Our church partner in Cebu City has created a Facebook page to stay connected with sponsored children. They post information about how to stay safe and remind children of the importance of staying home rather than playing in the streets with groups of children. They also reassure families that they will be delivering food to them during this difficult time.

In rural Nicaragua, families are facing a different struggle.

Two boys stand on a dirt road in Nicaragua.

In Tipitapa in western Nicaragua, the dusty streets are wide and quiet except for a rooster’s crow and the occasional passing car. Brothers James and Johnny stand outside the squat tin homes lining the road, a patchwork of tin and timber. James is a head taller than his brother and wraps a protective arm around his younger sibling’s slim shoulders.

Their neighborhood is not so crowded that they rub shoulders with their neighbors. The Zapata family has a different problem. Employment was already scarce in the rural community. The lockdown means providing for their five children is far more complicated, particularly because the children no longer receive a meal at school or their temporarily closed Compassion center.

“We stopped going to classes at the Compassion center, and I miss it a lot,” says James. “The center has always been a blessing for us. They gave us food and taught us about the Bible.”

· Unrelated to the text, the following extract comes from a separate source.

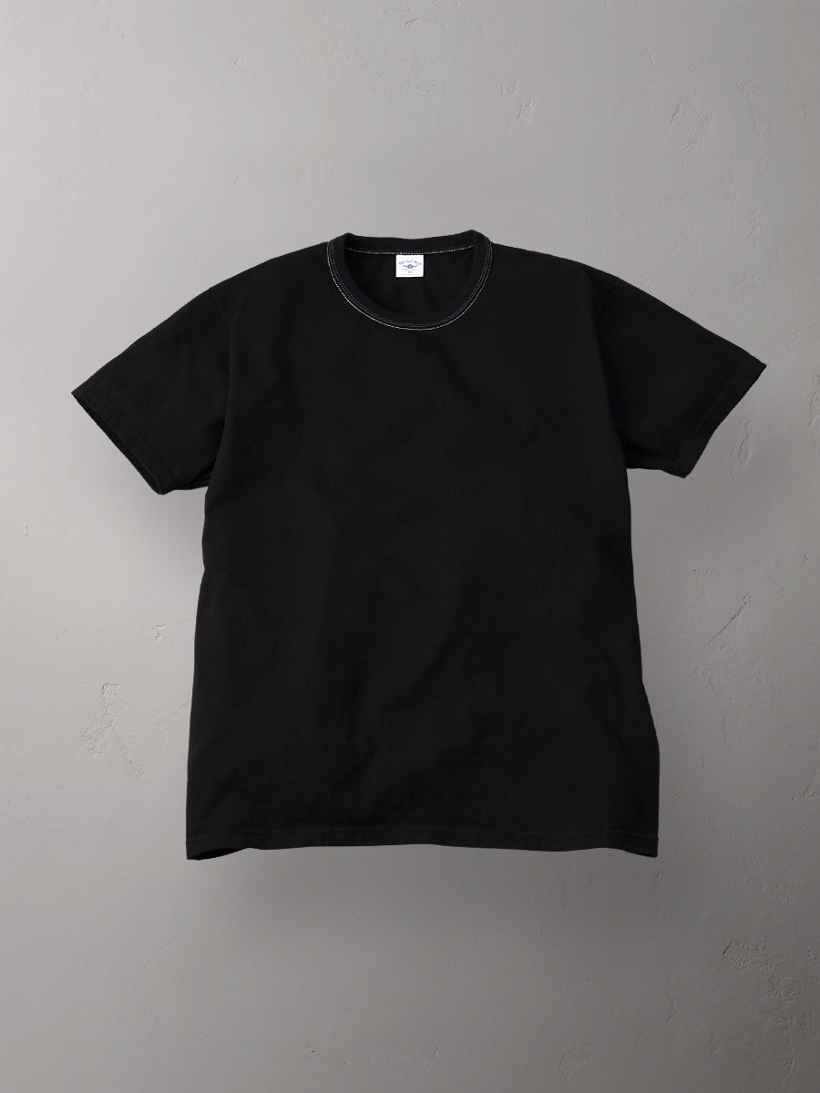 更にリブに2本、ボディに1本の合計3本のステッチで縫い上げることで、縫製技術とコットンの性質を利用し首元が伸びにくいTシャツを実現しました。

Before Compassion’s intervention, the Zapatas faced a terrible decision: Stay home and risk starvation or try to find work and risk contagion. Amid the difficult situation, the boys’ Compassion-assisted child development center continues providing vital support. Staff visit vulnerable families to check on their well-being and deliver supplies.

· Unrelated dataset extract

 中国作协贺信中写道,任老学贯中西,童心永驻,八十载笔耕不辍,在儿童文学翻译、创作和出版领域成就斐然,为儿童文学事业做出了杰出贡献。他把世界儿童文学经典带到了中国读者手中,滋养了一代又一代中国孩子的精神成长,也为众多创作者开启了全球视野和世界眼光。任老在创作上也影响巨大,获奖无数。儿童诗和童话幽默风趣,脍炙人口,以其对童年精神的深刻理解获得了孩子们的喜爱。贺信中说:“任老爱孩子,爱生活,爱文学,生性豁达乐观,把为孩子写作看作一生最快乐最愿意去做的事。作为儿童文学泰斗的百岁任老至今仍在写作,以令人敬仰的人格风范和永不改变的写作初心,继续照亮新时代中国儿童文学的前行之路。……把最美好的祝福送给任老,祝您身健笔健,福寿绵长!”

“The children are our priority. By doing this, coming to their houses, bringing them food and asking how they’re doing during this quarantine, we are helping them cope and showing them that we care,” says center tutor Gleydis Castillo. “That is why the assistance we offer hasn’t stopped despite the crisis, because it’s in our hearts to provide them with as much help as we can.”

As the world observes physical distancing, our church partners are never far away.

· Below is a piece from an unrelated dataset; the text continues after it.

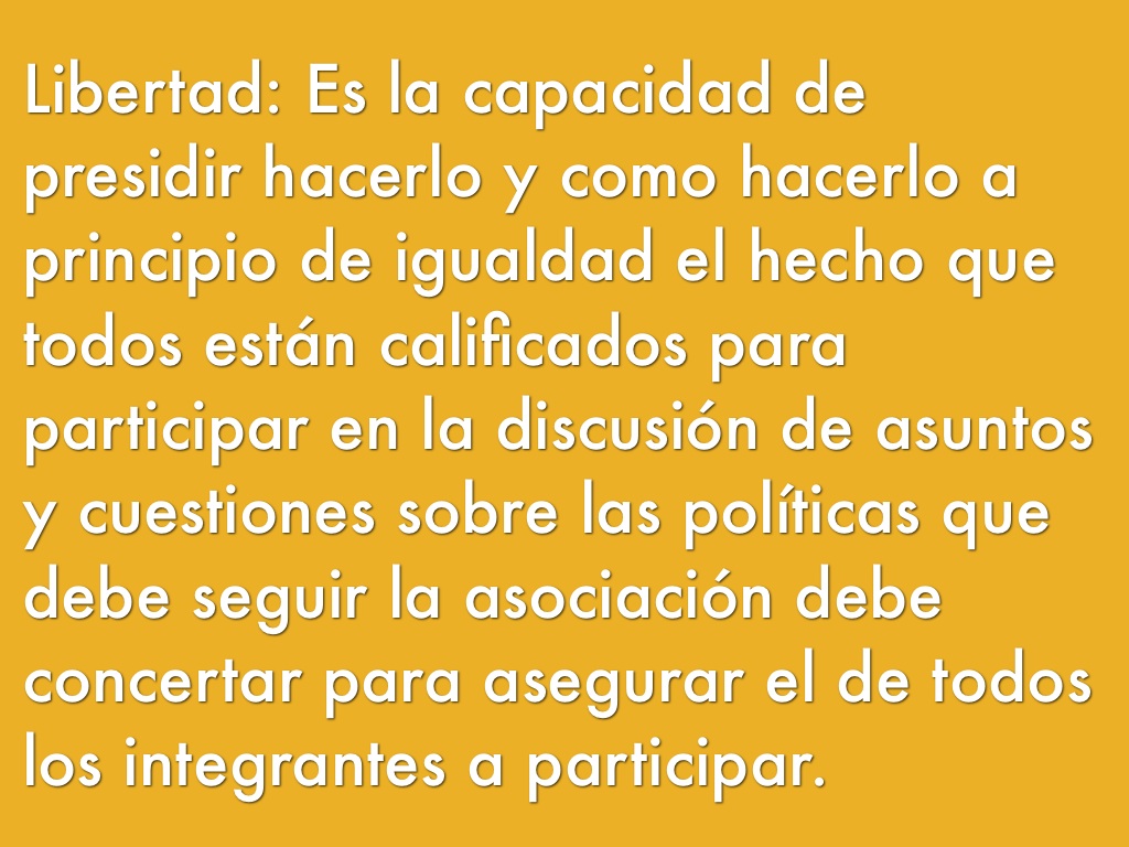 Libertad: Es la capacidad de presidir hacerlo y como hacerlo a principio de igualdad el hecho que todos están calificados para participar en la discusión de asuntos y cuestiones sobre las políticas que debe seguir la asociación debe concertar para asegurar el de todos los integrantes a participar.

Two boys look out the window of a mud and wood home.

Although child development centers are closed, the children remain in the staff’s prayers, thoughts and actions.

“We remain at their side,” says center Director Reynesto Garcia in the Philippines. “We are on the front lines. It is our call of duty.”

Back in Kibera, Guadenica skips inside. Her mother pours precious water from a bucket so the little girl can wash her hands, a virus-prevention lesson they learned from Compassion staff. Later, they’ll have a meal made possible with the food basket the church partner provided.

In places where social distancing is a distant dream, Compassion’s church partners are doing all they can to protect the vulnerable.


Reporting and photos by Junieth Dinarte, Edwin Estioko, Eric D. Lema and Isaac Ogila.

2 Comments |Add a comment

  1. Leanne Long April 23, 2020

    I am praying for the care givers – Compassion staff – that continue to see to the needs of the children.

    I am praying for the two boys (Elias in Ecuador and Miguel in Peru) that I sponsor that they, their families and their Compassion staff stay healthy. I also pray for Nia in Indonesia who I sponsored for several years – she graduated from Compassion but she is never far from my thoughts. I pray that she and her family are staying healthy as well.

    May the Holy Spirit enter their minds and hearts and let them know how much they are loved.

    I continue to write to my boys even though I am sure that the letters are not yet getting through to them. I tell them in my letters that they are in my heart and in my prayers through our world wide struggle with Covid-19.

  2. Arleen Borrillo April 23, 2020

    Thank you so much to those who risk their own health to help the children and their families.

    It’s heart-breaking to know the conditions so many live in.
    I’m so very thankful for Compassion’s care of those who are so vulnerable during this pandemic.